[Sidenote: Vanishing Americanism]
New York is a city in America but is hardly an American city.
Nor is any other of our great cities, except perhaps Philadelphia.
Boston is an Irish city, Chicago is a German-Scandinavian-Polish
city, Saint Louis is a German city, and New York is a
Hebrew-German-Irish-Italian-Bohemian-Hungarian city--a cosmopolitan race
conglomeration. Eighteen languages are spoken in a single block. In
Public School No. 29 no less than twenty-six nationalities are
represented. This indicates the complicated problem.
[Sidenote: A Jewish City]
New York is the chief Jewish capital. Of the 760,000 Jews on Manhattan,
about 450,000 are Russian, and they overcrowd the East Side ghetto. In
that quarter the signs are in Hebrew, the streets are markets, the shops
are European, the men, women, and children speak in Yiddish, and all
faces bear the foreign and Hebrew mark plainly upon them.

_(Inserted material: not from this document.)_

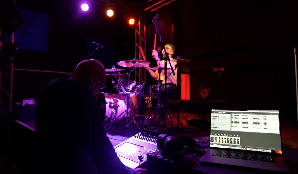 I ask Rolfe to play his kit, and ultimately at this point I’m just checking for clipping. Setting the channel gain through the TouchMix is very simple, and once I’m satisfied that it’s not going in too hot, and all looks fine on the MacBook, I hit record. Because I’m in a live venue, literally at the side of the stage, separation is minimal to say the least(!) but that’s no issue for this demo. I have headphones with me for reference which I will use after each take.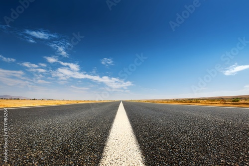 Naklejka premium A ribbon of road sailing smoothly into the blue sky dream cobwebs land.

[Sidenote: An Italian City]
Go on a little further and you find that you are in Little Italy, quite
distinct from Jewry, but not less foreign. Here the names on the signs
are Italian, and the atmosphere is redolent with the fumes of Italy. The
hurdy-gurdy vies with the push-cart, the streets are full of children
and women, and you are as a stranger in a strange land.